(I tried submitting a review earlier but I don't think it went through. Hopefully it works this time!)
I really enjoyed reading your story. It was fast-paced, thrilling, intense, and even heartbreaking at times. Your fight scenes were well written and kept me on the edge of my seat. I’d call this story a real page-turner, had I actually been able to turn the pages. Your characters seemed quite well thought out, and the development your Main Character underwent was both interesting and refreshing. In your story, you presented two opposing societies—the Novans and the ELA—but did not allow them to fall into either category of “Good” or “Bad”. You showed the pros and cons of both societies, but never claimed that either was better than the other. This reflects the reality that there isn’t always a decisive division between the “good guys” and the “bad guys”. Furthermore, by presenting your societies in such a way, you forced your protagonist to rebel against his place in society, not against society as a whole (as is often done). The protagonist doesn’t reject one society in favour of the other, nor does he choose to destroy either society. Instead, he chooses to take no part in any of it.

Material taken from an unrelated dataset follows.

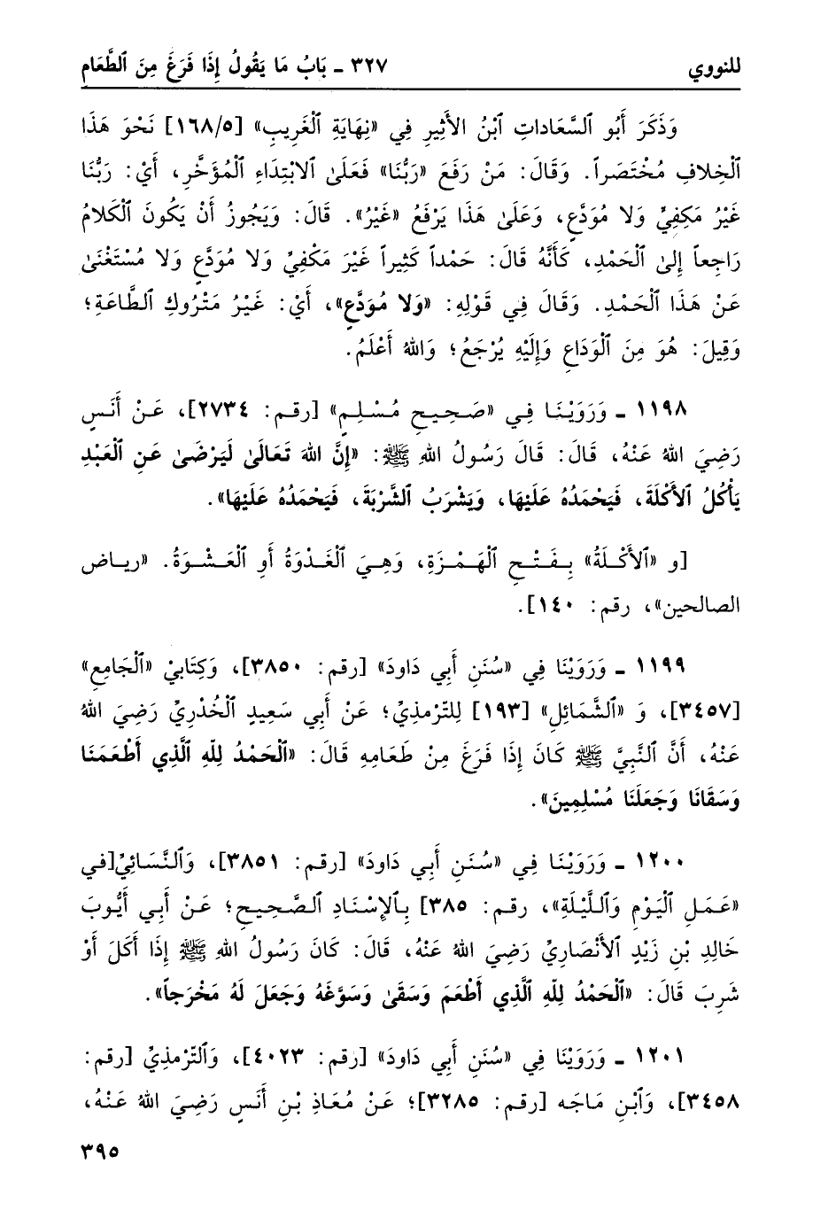 1199- وَرَوَيْنَا في "سنن أبي داود" [رقم: 3850] ، وكتابي "الجامع" [3457] ، و"الشمائل" [193] للترمذي؛ عن أبي سعيد الخدري رضي الله عنه، أن النبي صلى الله عليه وسلم كان إذا فَرَغ من طعامه قال: "الحمدُ لِلَّهِ الَّذي أطْعَمَنا وَسَقَانا وَجَعَلَنا مُسْلِمِينَ".

About midway through your Prologue, I noticed you made minor slip up in which you refer to the Archangel as Gabriel. This creates confusion in the context of the Prologue, as the character of Gabriel hasn’t been properly introduced. Furthermore, this mistake eliminates the surprise of the later reveal of Gabriel as the Archangel.

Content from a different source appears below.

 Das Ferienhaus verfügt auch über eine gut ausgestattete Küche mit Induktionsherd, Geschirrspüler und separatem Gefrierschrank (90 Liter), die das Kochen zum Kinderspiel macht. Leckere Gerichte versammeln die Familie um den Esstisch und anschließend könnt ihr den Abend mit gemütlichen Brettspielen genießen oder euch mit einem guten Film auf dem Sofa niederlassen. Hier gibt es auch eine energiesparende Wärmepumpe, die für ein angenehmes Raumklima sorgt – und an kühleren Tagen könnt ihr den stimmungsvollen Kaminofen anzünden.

You also had many spelling and grammar errors littered throughout the story—to the point where they detract from the story’s overall enjoyableness. I’d recommend going through the chapters again and correcting these errors, or enlisting the help of a friend to help you with your editing.
Overall, this story has great potential. With a bit of work, I believe that this story can reach that potential. Keep improving your writing! You’re doing great!